[REQUIREMENT] Copying rule for the data below: pictures stay out, and only the lines from the one with "佐々田蒼粋羅さんの外運は47画の5つ星" down to the one with "Happy Halloween cemetery, Πασχαλινή", inclusive, are repeated exactly.

Records from a data collection:
==========

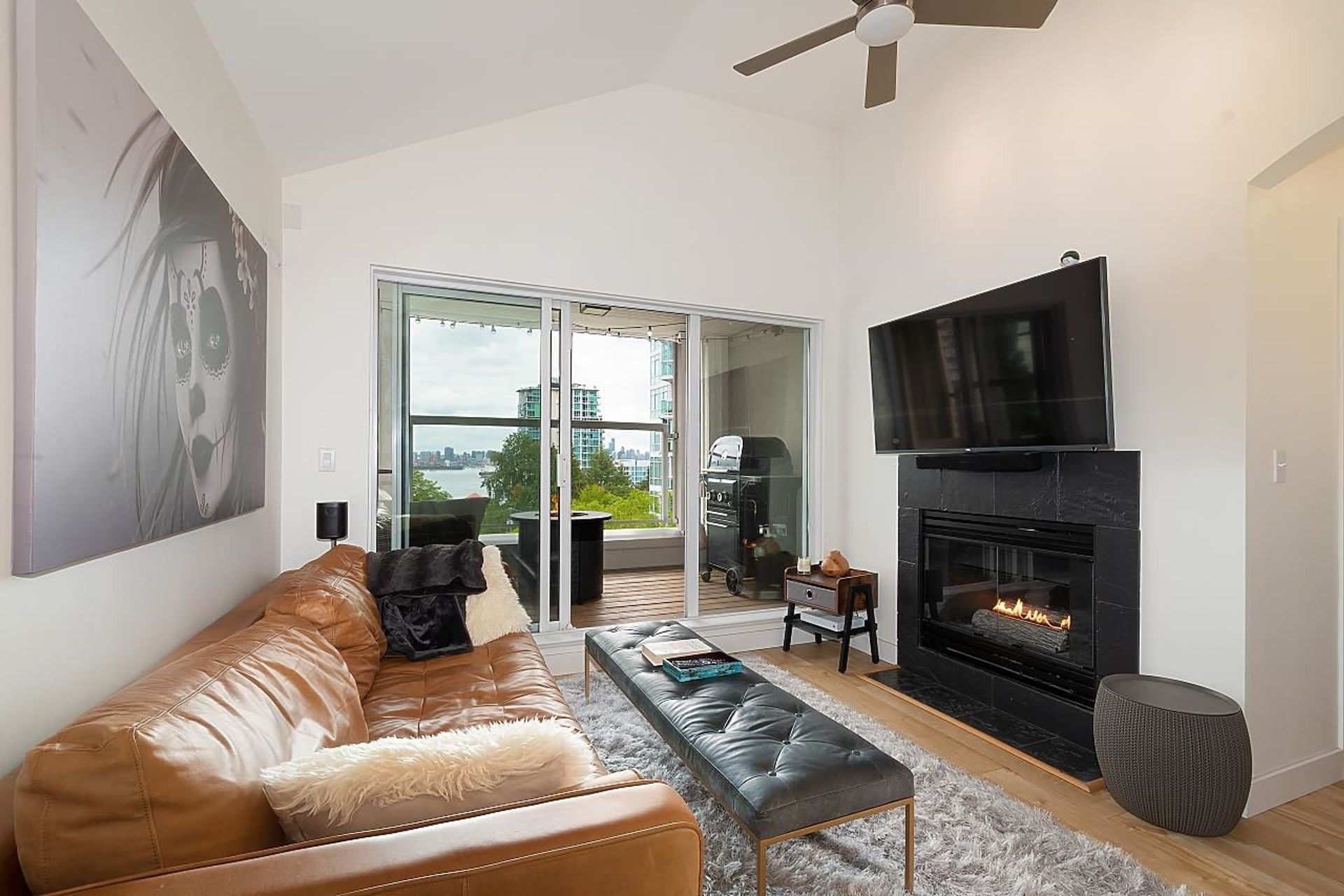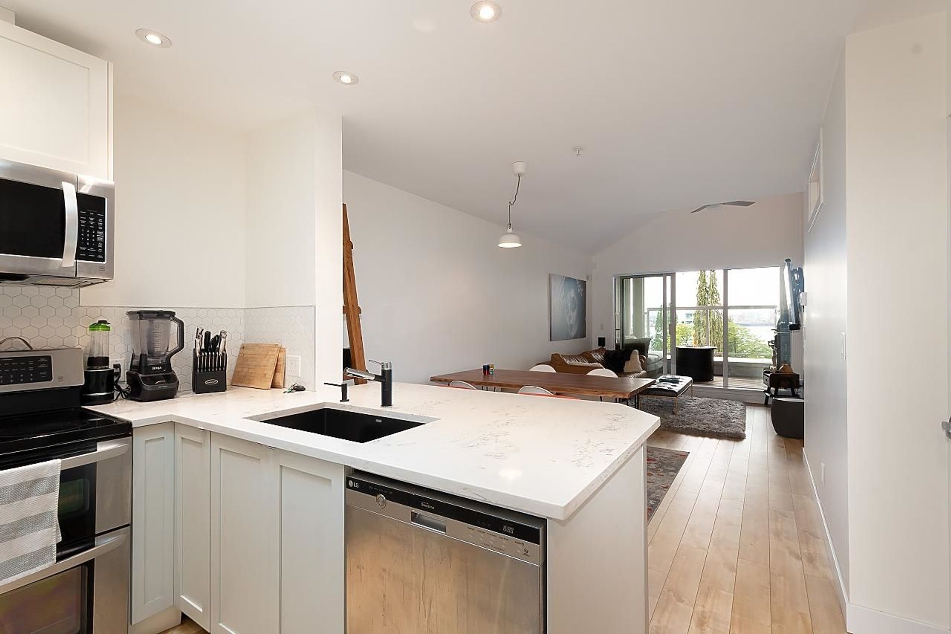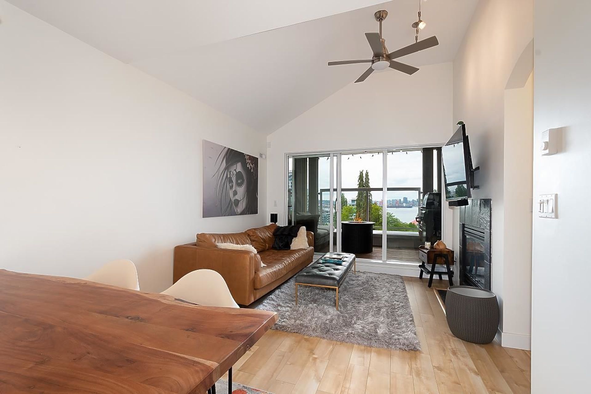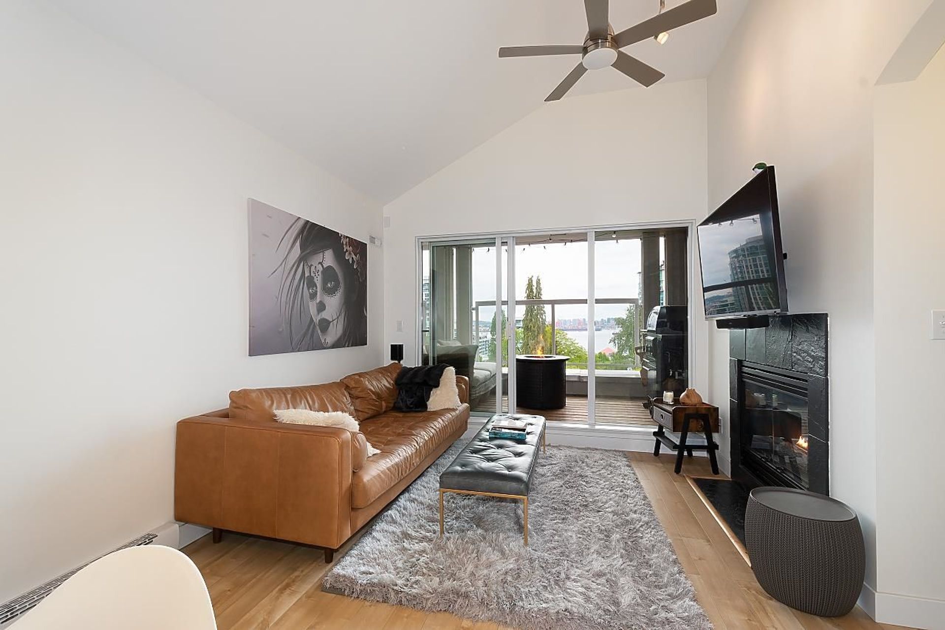 Top floor South facing, view suite on the quiet side of the building! Fully renovated in 2016, you will be impressed with this home the moment you walk through the door!The open concept layout offers a view out towards the harbour and city from all areas. The floor plan is generous with a large kitchen, full sized dining area and comfortable living room with vaulted ceilings and a cozy gas fireplace.There are skylights in the kitchen and bathroom for extra brightness. Enjoy your fully covered patio all year long! The building itself has undergone tons of upgrading including a full enclosure project (rainscreened stucco, windows, balconies, podium membrane, roof) in 2009.In suite laundry, one parking, one storage and two dogs or cats allowed!
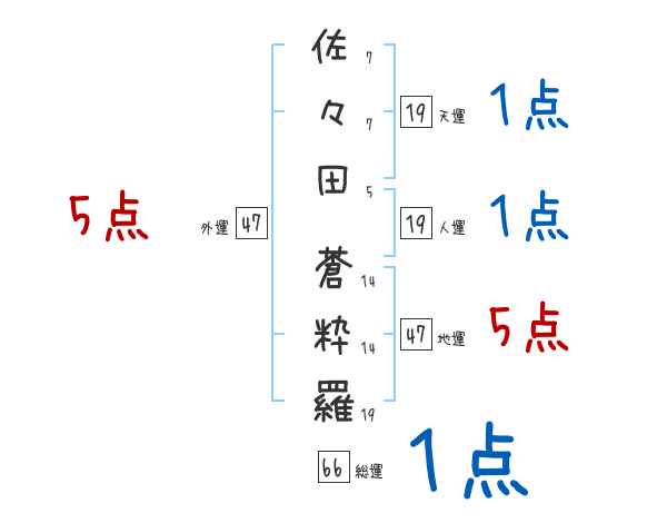 佐々田蒼粋羅さんの外運は47画の5つ星
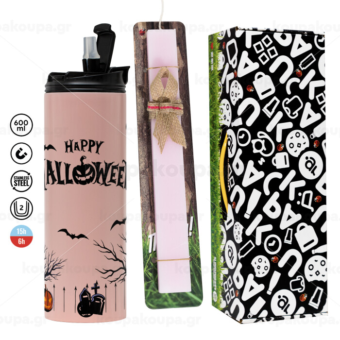 Happy Halloween cemetery, Πασχαλινή Λαμπάδα με ΡΟΖ Travel Tumbler θερμό (600ml, BPA free) & κερί αρωματικό πλακέ (30cm) (ΡΟΖ)
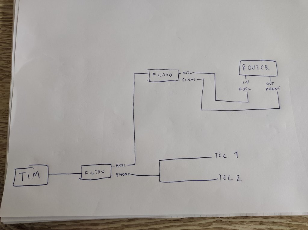 Ma a mioparare non è corretto, nel senso che a mio parere il cavo (doppino) in arrivo da tim dovrebbe andare solo e solamente nel router
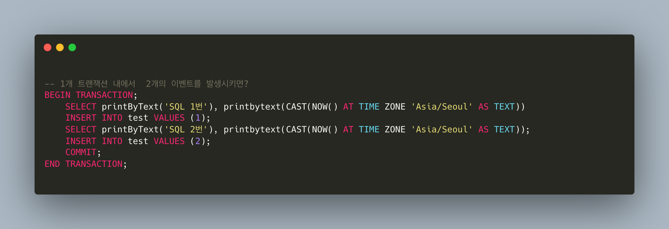 예제 1. 1개 트랜잭션 내에 2개의 트리거 발동 조건
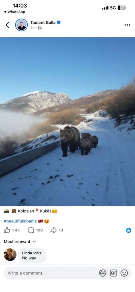 “Isha në makinë dje pasdite, duke shkuar në shtëpi. Papritur, në njërën nga kthesat e për në bjeshkët e fshatit u përballa me arinjtë. U shtanga dhe u tremba, dhe qëndrova brenda makinës për rreth dy orë derisa ata u larguan nga rruga dhe u futën në pyll. Kam arritur të bëj vetëm një foto, pasi isha i frikësuar dhe nuk lëvizja. Nuk kam bërë video nga frika,” tha ai gjatë një bisede telefonike për Report Tv
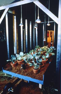 Johnny Coleman (b.1958 ) The raw and found materials incorporated in this piece tell a lot about Johnny Coleman's concerns and work. In this piece he sought to unearth the stories of the African-Americans that came north with the migrations and inhabited the neighborhoods. The interviews he had with several generations of black Clevelanders are recorded and used. The materials include rusted tin gathered from fallen roofs lining the walls, collard greens growing in clay pots set in an oversized wheelbarrow, dried flowers gathered from vacant lots, found wooden door and windows, treated tar-paper, found wooden chairs, found silk ties, and the voices of African American residents emerging from among the greens. In other words, the "stuff" of the city. Johnny teaches sculpture/interdisciplinary media at Oberlin College. |
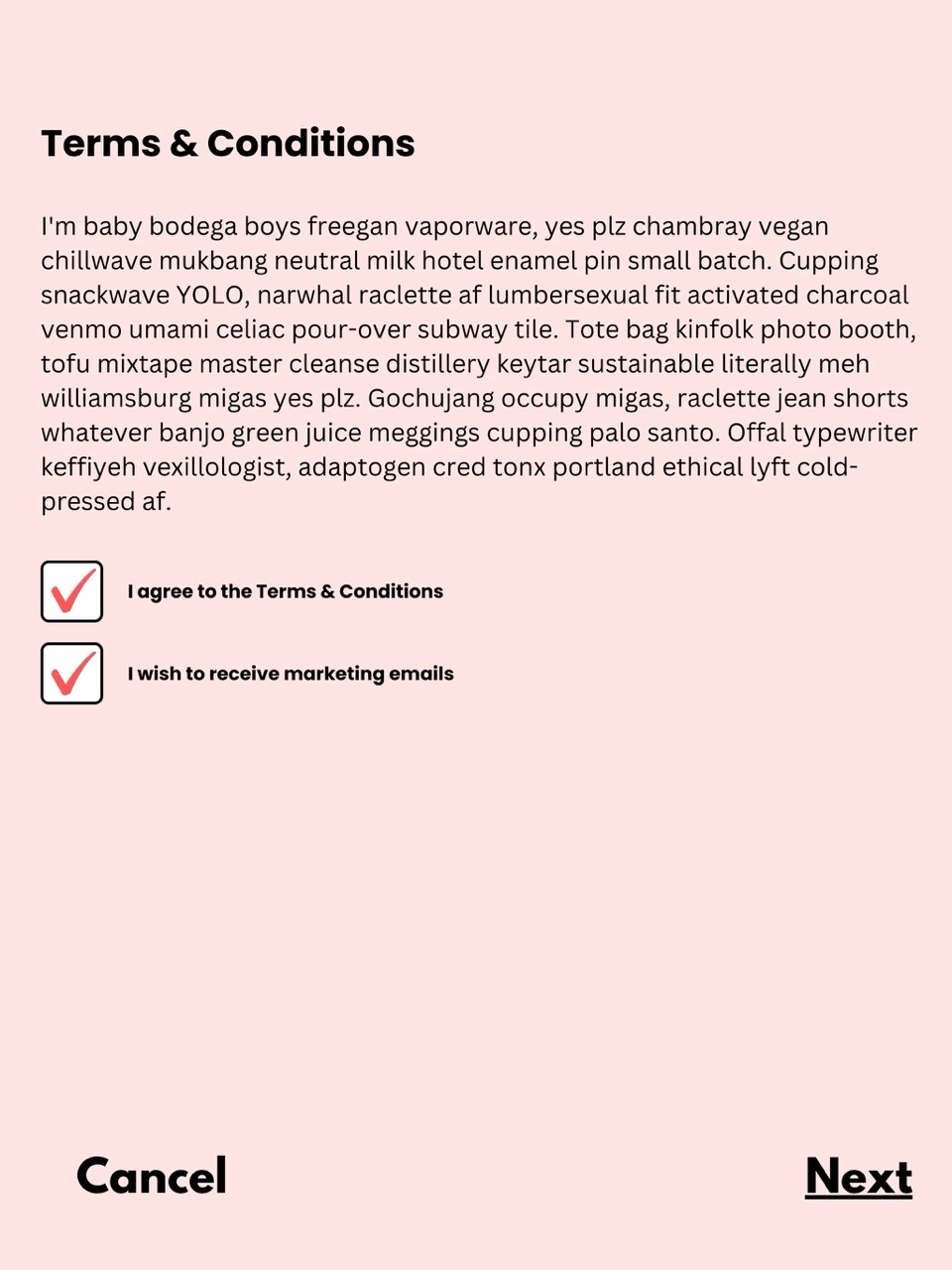 Checkboxes can be selected or not selected. When the user taps on the touchscreen area for a checkbox it toggles its state i.e. switches from selected to not selected or vice versa. The checkbox’s state is indicated by copying the touchscreen area from the lower case image when it is not selected or from the lower case pressed image if it is selected.

==========

[FINISHED EXERCISE]
 佐々田蒼粋羅さんの外運は47画の5つ星
 Happy Halloween cemetery, Πασχαλινή Λαμπάδα με ΡΟΖ Travel Tumbler θερμό (600ml, BPA free) & κερί αρωματικό πλακέ (30cm) (ΡΟΖ)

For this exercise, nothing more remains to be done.